The CJEU has attempted once again to strike a balance between protecting the rights of brand owners and the interests of parallel importers, with the objective of ensuring that the free movement of goods is not disproportionately restricted. Although the rulings have been positively received by pharmaceutical companies, they leave room for further development of the case law at national court level in deciding whether and when consumer resistance to traces of opening on the outer packaging of a product should be considered strong enough to justify the adoption of new outer packaging by parallel importers. This will be fact-sensitive and the different attitudes and approaches to be adopted by national courts remain to be seen.
Although the UK is no longer in the EU, it does still recognise EEA exhaustion of IP rights and allows parallel imports from the EEA into the UK. The FMD obligations to affix safety features no longer apply in Great Britain, although packs that have FMD safety features are still accepted.
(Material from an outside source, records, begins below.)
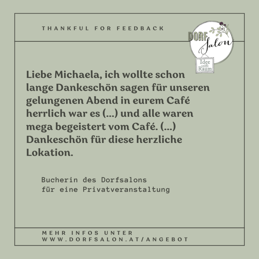 Egal ob Geburtstagsfeier, Firmenfeier oder ein Fest einfach so! Vielleicht ist ja der Dorfsalon genau der richtige Ort für dich!
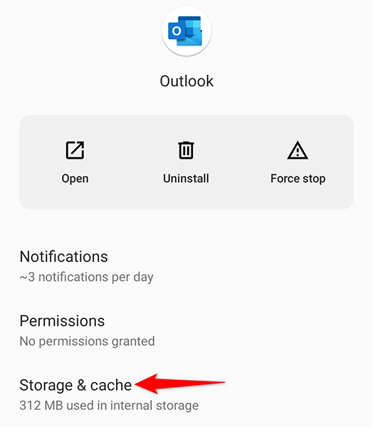 - Tap Storage & cache on Outlook’s app page.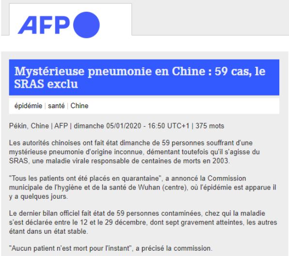 Voici la première dépêche un y a deux ans de l’AFP qui nous annoncait une pneumonie en Chine, dans une ville peu connue du grand public, Wuhan.
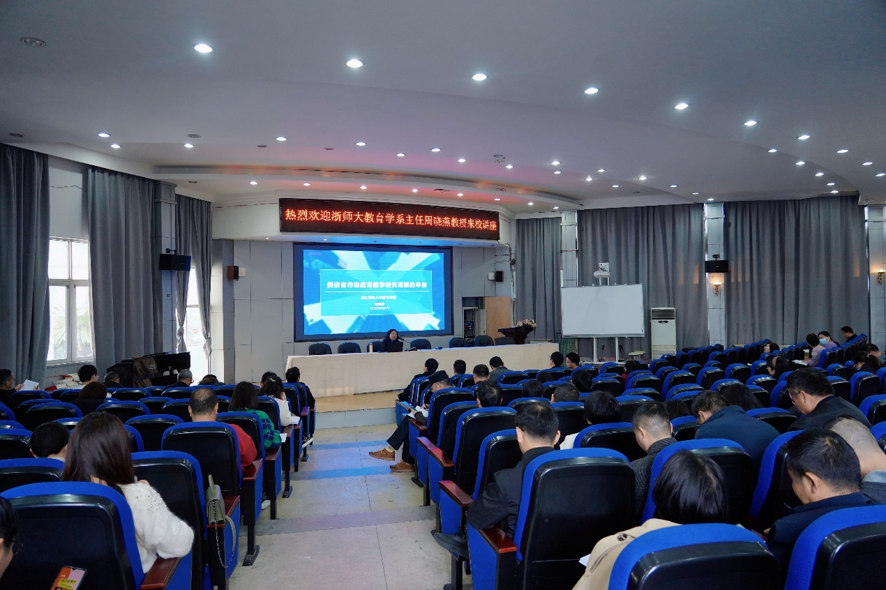 周晓燕教授面向箬横镇中全体教师作了题为“例谈省市级教育教学课题的申报”专题讲座。她指出,科研课题成功申报包含四个重要因素,即选题好、基础扎实、论证质量高以及文本可读性强。她结合自己多年指导中小学教科研课题的成功经验,从“怎样进行课题选题”“好的选题有哪些特征”“好的选题如何进行表述”“课题论证的核心问题是什么”“课题申请报告如何撰写”等5个方面进行详细讲解与指导。她提出,课题的选题可以从研究目的、研究内容、研究基础、研究前沿等方面确定。她强调,好的课题应该具备“实”“新”“深”“巧”“妙”等特征,好的课题表述应该是明确的、新颖的、恰当的、普适的。课题题目的表达要经过“判断”“推敲”“考证”“评估”四个环节。针对“课题申报报告如何撰写”这一困扰很多中小学教师的难题,她结合案例,分别从“选题”“文献综述”“选题意义的表述”“研究目标的确定”“研究思路”“研究方法”“研究基础”“预期研究成果”“研究进度安排”等9个方面逐一进行细致讲解与阐述。

The MHRA encourages – but has not required – companies to retain tamper evidence devices on packs, so it is feasible that UK courts faced with a similar factual scenario may reach a different conclusion as to the necessity of any repackaging. Parallel imports of medicines into Northern Ireland will continue to be subject to the FMD requirements.
Readers of our BioSlice Blog may also be aware that these three CJEU rulings were delivered on the same day as the joined cases of C-253/20 Impexeco NV v Novartis, and C-254/20 PI Pharma v Novartis, which we discuss in this blog post. This ruling examined the circumstances under which a parallel importer may rebrand a generic product that is being imported with the brand name of a reference product. This was the first time that the CJEU considered and applied exhaustion of trade mark rights principles in circumstances in which a generic product is rebranded to that of the reference product by parallel importers, with the CJEU once again ruling in favour of brand owners.